A sermon for Ash Wednesday by Christopher L. Webber.

Four thousand years ago the Hebrews were a nomadic tribe wandering in the deserts of the middle east. Around them were people who were learning to be farmers: Egyptians, Babylonians, Canaanites, who raised wheat and barley and melons and other good things to eat. And because they depended on the sun and the rain and the rivers, the soil and the seasons, and because these were not always favorable, these agricultural people prayed to the powers that they thought determined success or failure, abundance or hunger, and they made statues and images as a focus for their prayers.

The Hebrews, however, were nomads. They had no crops to raise and so no need for gods of that sort. So when the Hebrews came into the promised land and tried to learn farming themselves, they looked to the Canaanites for advice and were told, “Well, here’s what you do: you set up a pillar and you make offerings; you carve some wood or stone and you cry out to Baal.” Some of the Hebrews tried it out and sometimes it worked and sometimes it didn’t, but they thought it was better to do it than not do it. Hey, you never know. But others resisted and said, “No, the God of our ancestors commanded us to make no statues, because our God is beyond all possibility of representation. And our God also cannot be influenced by the size of our offerings or anything like that. We can try to line up with God but no way we can get God to line up with us.”

That was a conflict that went on for centuries.
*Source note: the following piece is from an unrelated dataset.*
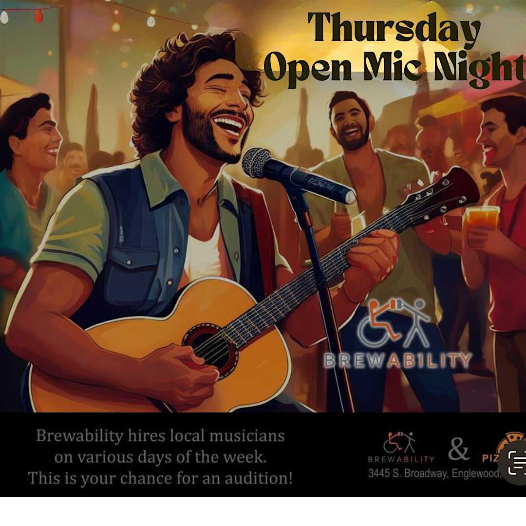Free Open Mic @ Brewability every Thursday! at 3445 S Broadway – Englewood, CO Free Open Mic @ Brewability every Thursday! at 3445 S Broadway – Englewood, CO 4 4 people viewed this event. Free Open Mic Night at Brewability! Music, poetry, comedy & community in an inclusive space. Pints, pizza & good vibes welcome all. Tickets-RSVP Link Register for event Date And Time Thursday, April 30th, 2026 @ 07:00 PM Location 3445 S Broadway 3445 South Broadway, Englewood, CO 80110 Event Types Concert or PerformancePerforming & Visual Arts Event Category ColoradoDenver Share With Friends Facebook Twitter Linkedin Xing Pinterest

The Hebrews were divided, with prophets and their visions on one side and the practical people on the other. The prophets said, “It doesn’t matter where you are or what the agenda is; there is one God, no other. You can serve God, but God can’t be bribed to serve you.” But the practical people said, “Look, the Canaanites have the experience and the smart thing is to hedge your bets, not put all your eggs in one basket, always backup your computer.”

When the Jews finally finished conquering Canaan and built a capital in Jerusalem, David wanted to build a temple for God – something symbolic, something concrete and visible – but God said “No.” Solomon built one anyway, and at last the people had at least some place to locate God and a tangible symbol as a center for their worship. But the prophets didn’t give up; still there were prophets who insisted God is beyond all this and if this becomes an idol, God can and will destroy it and God can even destroy you, the chosen people, if you turn to your own ways, because God is always beyond, always greater than we can imagine and God asks us to respond in a freedom that lacks the apparent security of walls and borders and images and festivals and buildings and laws. God is not limited by our constructions. God is free. And God calls us to respond in freedom giving ourselves without limit to the God who loves us without limit.
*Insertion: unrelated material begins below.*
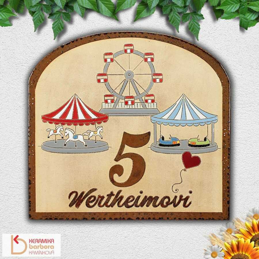 Ručně ryté a malované keramické domovní číslo s kolotoči potěší každého, kdo si rád hraje a kdo si zavzpomíná na dětství.

That’s what Lent is all about: a reminder that we are by origin a desert people with a desert God: a God who is free and calls us to freedom. Lent summons us to remember who we are and respond to that challenge. For forty days every year we are challenged to follow Jesus back out into the desert of our nomadic ancestors where there is none of the security of plowed land and settlements and walls and well-traveled roads. The Prayer Book speaks of Lent as a time of “special acts of discipline and self-denial.” It asks whether we can get along without the images and the idols – the things, the possessions – that give us a feeling of security. Can we put them aside, and learn to live with God alone?
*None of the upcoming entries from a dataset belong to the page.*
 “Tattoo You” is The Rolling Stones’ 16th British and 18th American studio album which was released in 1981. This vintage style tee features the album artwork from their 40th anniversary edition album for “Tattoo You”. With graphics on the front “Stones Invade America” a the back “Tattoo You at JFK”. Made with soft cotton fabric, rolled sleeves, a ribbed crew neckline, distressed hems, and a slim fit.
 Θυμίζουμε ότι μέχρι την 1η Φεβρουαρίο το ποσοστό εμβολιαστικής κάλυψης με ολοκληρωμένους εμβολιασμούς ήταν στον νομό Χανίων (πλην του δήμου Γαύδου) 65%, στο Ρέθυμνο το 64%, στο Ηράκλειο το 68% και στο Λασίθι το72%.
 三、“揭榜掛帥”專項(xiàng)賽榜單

All the old traditional disciplines of Lent, giving up candy and movies and television – the images of Canaan and Babylon – are basically about that: how addicted are you to the local idols? how dependent on material things? One of the old mystics used to say, “This too is not God.” It’s a good line to remember. “This too is not God.”

Lent is a time to turn away from the things that are not God and discover again, or perhaps for the first time, the God who is.